I do need to warn you that it can be tricky to appreciate how your son prefers to read. My appreciation definitely took some time. Even though I knew boys hated sitting at a desk to read, I felt more in control of their reading that way. Could I really trust boys to read squeezed behind the door or under their chair or leaning against a wall?
One favorite position boys used for reading (which I tried and hated) was lying on their back, with their arms stretched over their head and the book in both hands. I didn’t believe they were reading, because for me it was so uncomfortable that I couldn’t focus one bit. But they proved me wrong and were deeply engaged. The crazier I thought their location or position to be, the more engaged with reading they became.
Their pleasure was definitely my pain and vice-versa. But, as I shared earlier, boys being engaged with books is what I was going for, not my own comfort level.
How Boys Read
Boys carry the misconception that “real” reading only happens when they read fiction paperback and hardcover books, anything else is not worthy or considered reading. This belief is very limiting for them when it comes to developing their reading habit and it’s important to help your son understand what else is available for him to read.
Below are other forms/media your son can and should read:
- Newspapers (hardcopy)
- Magazines (hardcopy)
- Books, newspapers, magazines on E-readers
(Kindles and Nooks or iPads that are distraction free, i.e. they have no access to the internet, apps, games or music)
- Audiobooks (yes, listening to books on tape is a viable choice)
- Printed from the computer (articles and blogs found prior to reading time, printed onto paper to read during reading time)
- Short stories or anthologies around a topic
- Comic books or graphic novels
If your son struggles with reading, he still must be reading for pleasure every day, too. Research finds that this is a critical piece that must be in place for struggling readers or they will keep struggling. Audiobooks work great, and Kindle also has a text-to-speech option available for many of their books. If your son can listen and read at the same time, that’s the best option.
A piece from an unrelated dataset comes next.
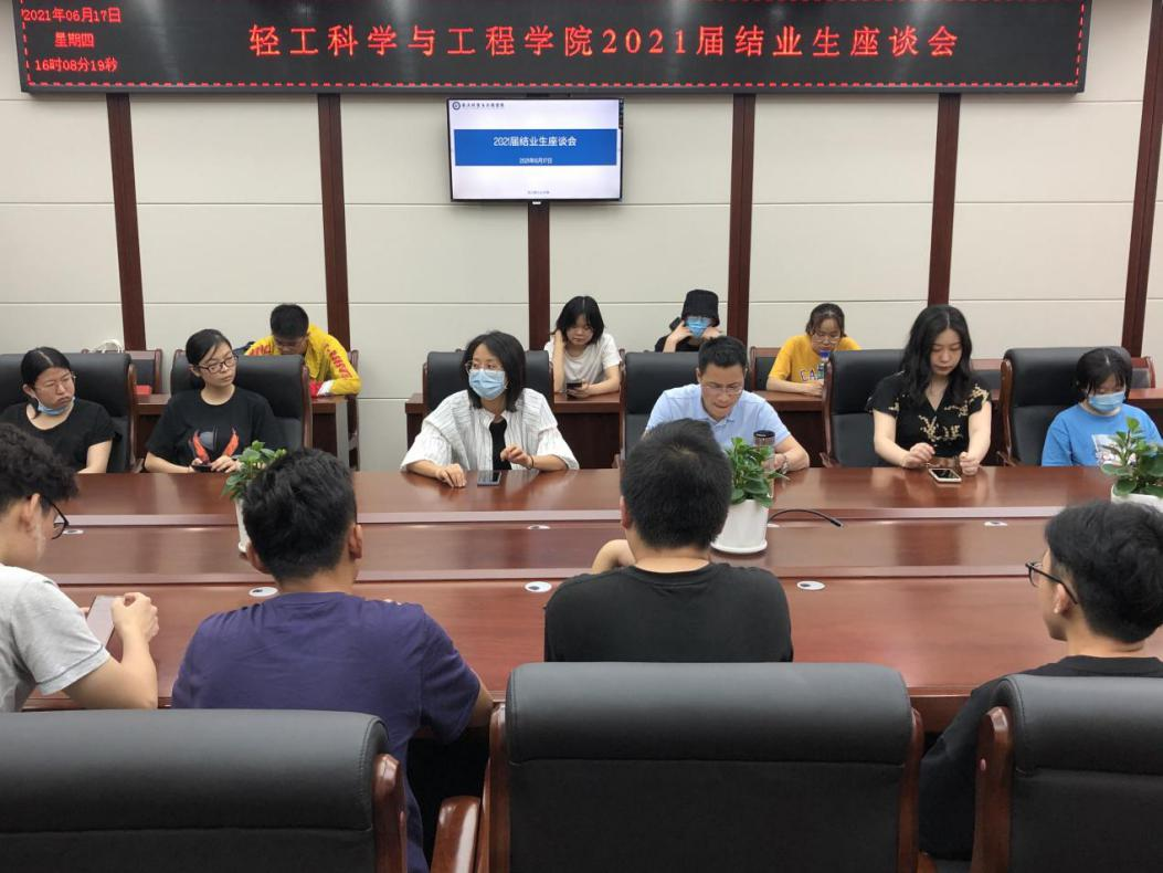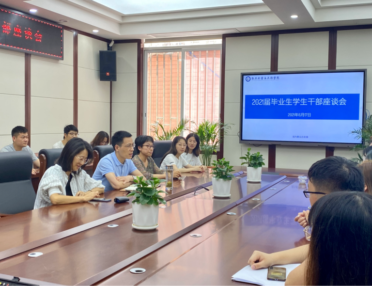 为进一步做好我院教学、管理、服务工作,2021年6月17日下午,学院在纺工附楼205会议室分别召开了“毕业生学生干部座谈会”和“结业生座谈会”。学院党委冯国涛副书记和辅导员老师出席了下午座谈会,冯老师以“一个感谢、一个拜托、一个希望”寄语毕业生干部,感谢全体学生干部在大学四年为班级作出的贡献,拜托站好最后一班岗,并殷切希望毕业生们在学习和事业上都有很好的发展,将学生干部的职责延续下去,维系班级友谊,做好未来校友工作。

Reading aloud to your son is another great option, even if he’s 14 years old. This is not the time for him to read out loud to you or for you to ask him questions; it’s meant to be a comfortable, safe and pleasurable time for your son. Many times, I only needed to read the first few pages or first chapter aloud to get boys started. Some parents found that when they read mandatory reading material aloud to their son, he actually engaged more, did better with the subject, and eventually was able to read it on his own.
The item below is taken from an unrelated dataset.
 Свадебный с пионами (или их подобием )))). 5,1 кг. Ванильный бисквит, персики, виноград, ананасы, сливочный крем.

Another option I used is a bit antiquated, but it worked magic, especially if you don’t always have time to read aloud to your son when the two of you are together: read what they chose into a tape recorder or the voice memo on your cell phone. Many of my struggling readers became independent readers this way.
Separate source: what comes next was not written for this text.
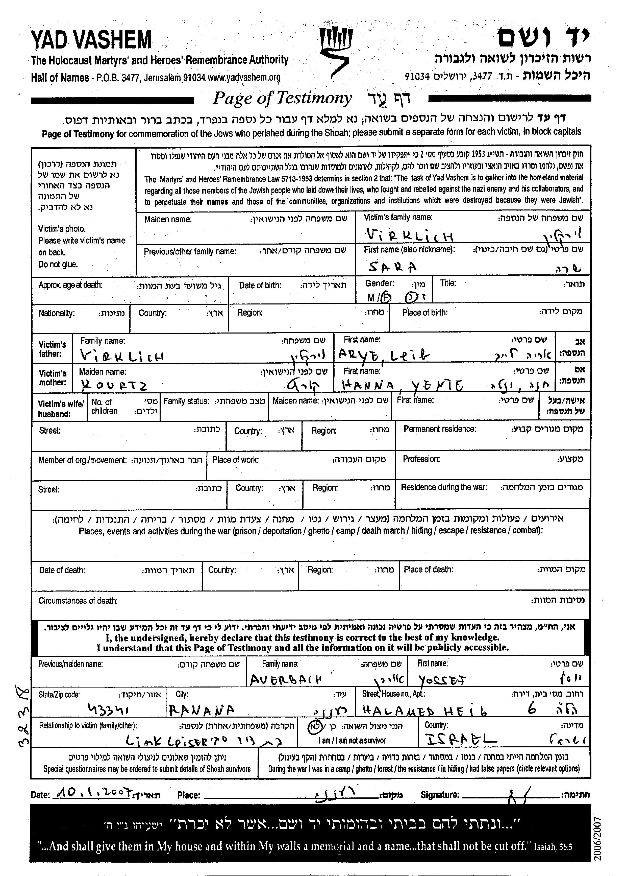 Yad Vashem - Pages of Testimony Names Memorial Collection

When you become comfortable with other forms of reading materials, you’ll be able to give him permission and support to expand his definition of “real” reading.
Remember, it’s not about what boys are reading, where they read or how they read, it’s about their degree of engagement. Appreciating your son’s reading preferences puts him on the path to success because it allows him to develop the daily reading habit. Comic books,graphic novels, magazines, newspapers and non-fiction texts help him grow into the best version of himself, not the opposite.